Task to carry out:
Copy exactly, and only, the lines between the start of the entries below and the line containing "Вам нужно добраться", both inclusive. Omit pictures.
==== The data ====
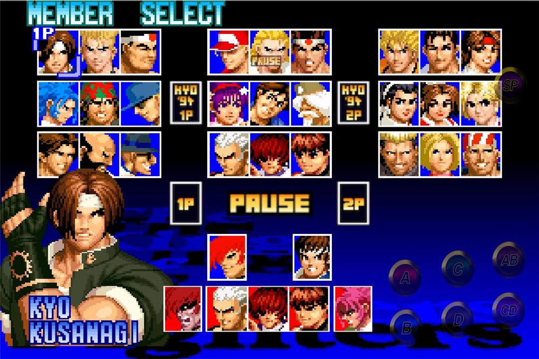 拳皇对决的经典!玩家进入游戏画面后自由选择角色,与对方进行3V3擂台大战--即1V1轮流进行,直到一方最后一人落下为止,未倒下者为胜者!玩家在进行对抗时,可以选择特别设定的简易模式--简易的按键就能让技能变得强大起来!经典模式也能延续——需要复杂的按键组合才能释放技能!无论哪种方式,都不会少了一份快乐!
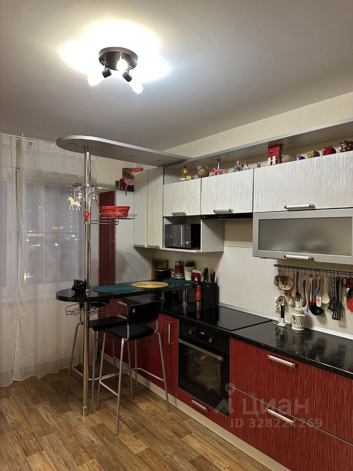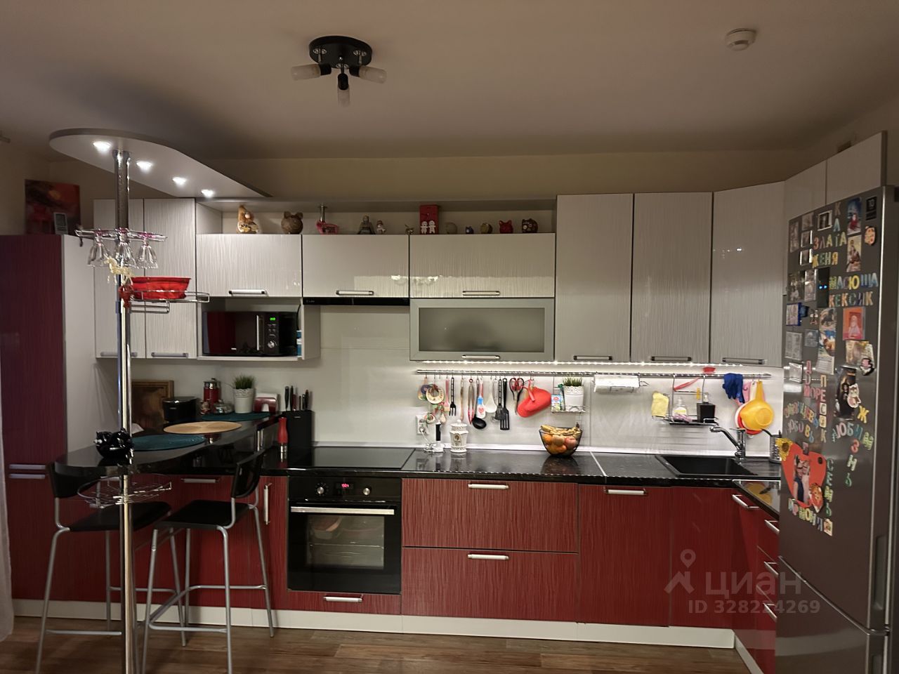 Встроенная Кухня варочная панель, духовой шкаф, посудомоечная машина, барные стулья, стол.
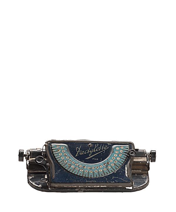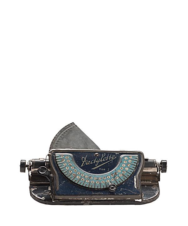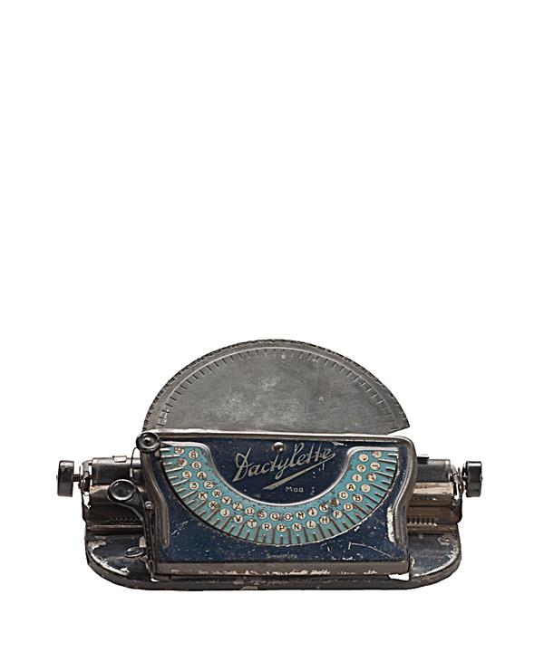 Schreibmaschine Dactylette Modell 1 Eigenschaften: Zeiger/Eintaster, Typenplatte (Halbmond), Großbuchstaben, Oberanschlag, Farbröllchen
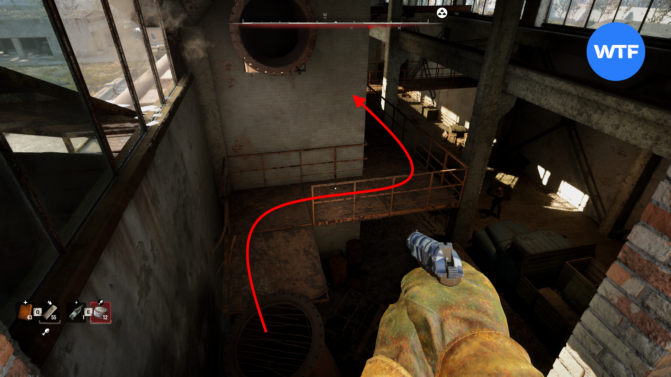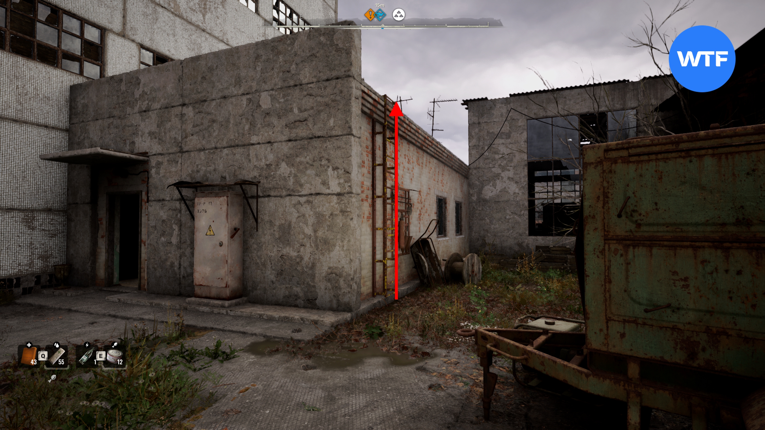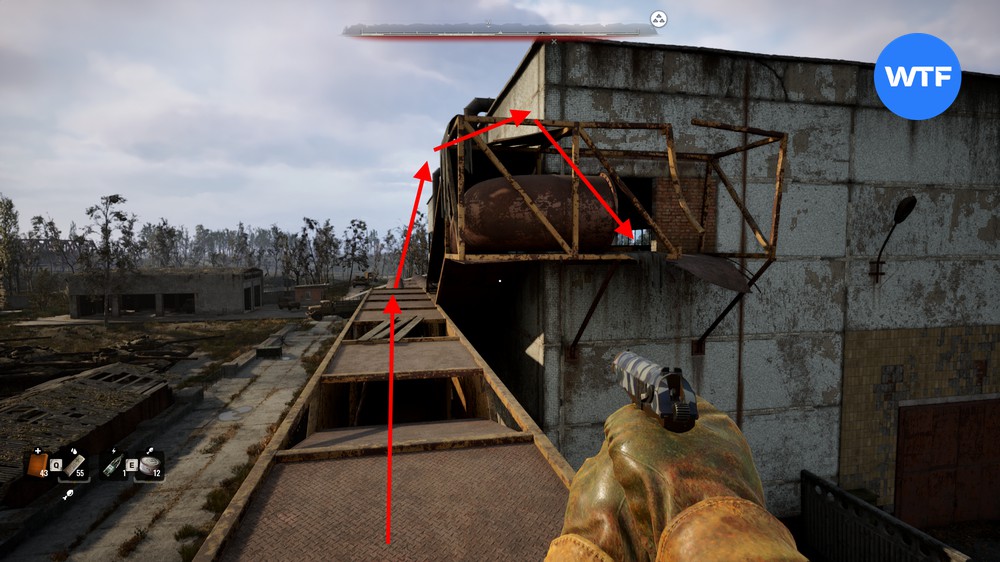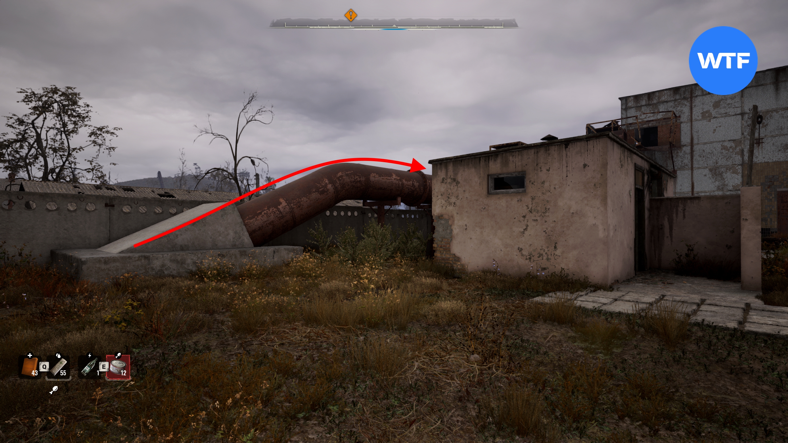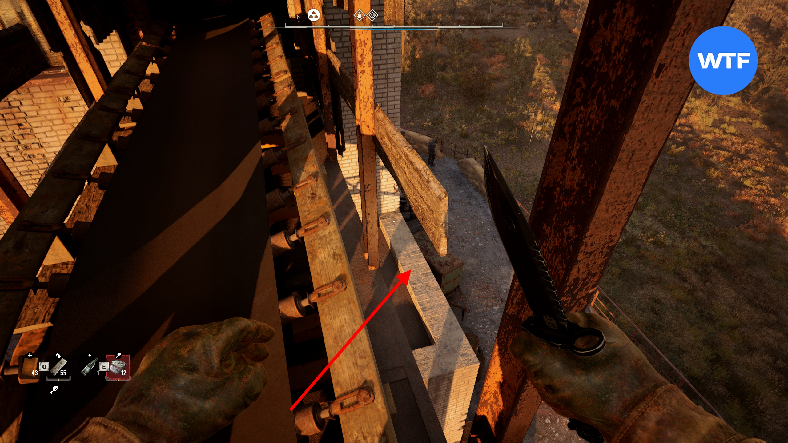 Вам нужно добраться до указанной ниже точки подняться по трубе, идущей к зданию за местным туалетом (см. скриншот 2).
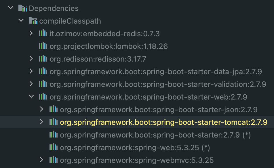 스프링 부트의 각 웹 애플리케이션에는 내장 WAS(Web Application Server)가 존재한다. 스프링 부트로 생성한 웹 애플리케이션 프로젝트에서 의존성을 확인해보면 위 사진과 같이 tomcat이 내장되어 있는 것을 확인할 수 있다. 따라서 특별한 설정 없이도 톰캣을 실행할 수 있다.
====
Completed exercise:
 拳皇对决的经典!玩家进入游戏画面后自由选择角色,与对方进行3V3擂台大战--即1V1轮流进行,直到一方最后一人落下为止,未倒下者为胜者!玩家在进行对抗时,可以选择特别设定的简易模式--简易的按键就能让技能变得强大起来!经典模式也能延续——需要复杂的按键组合才能释放技能!无论哪种方式,都不会少了一份快乐!
 Встроенная Кухня варочная панель, духовой шкаф, посудомоечная машина, барные стулья, стол.
 Schreibmaschine Dactylette Modell 1 Eigenschaften: Zeiger/Eintaster, Typenplatte (Halbmond), Großbuchstaben, Oberanschlag, Farbröllchen
 Вам нужно добраться до указанной ниже точки подняться по трубе, идущей к зданию за местным туалетом (см. скриншот 2).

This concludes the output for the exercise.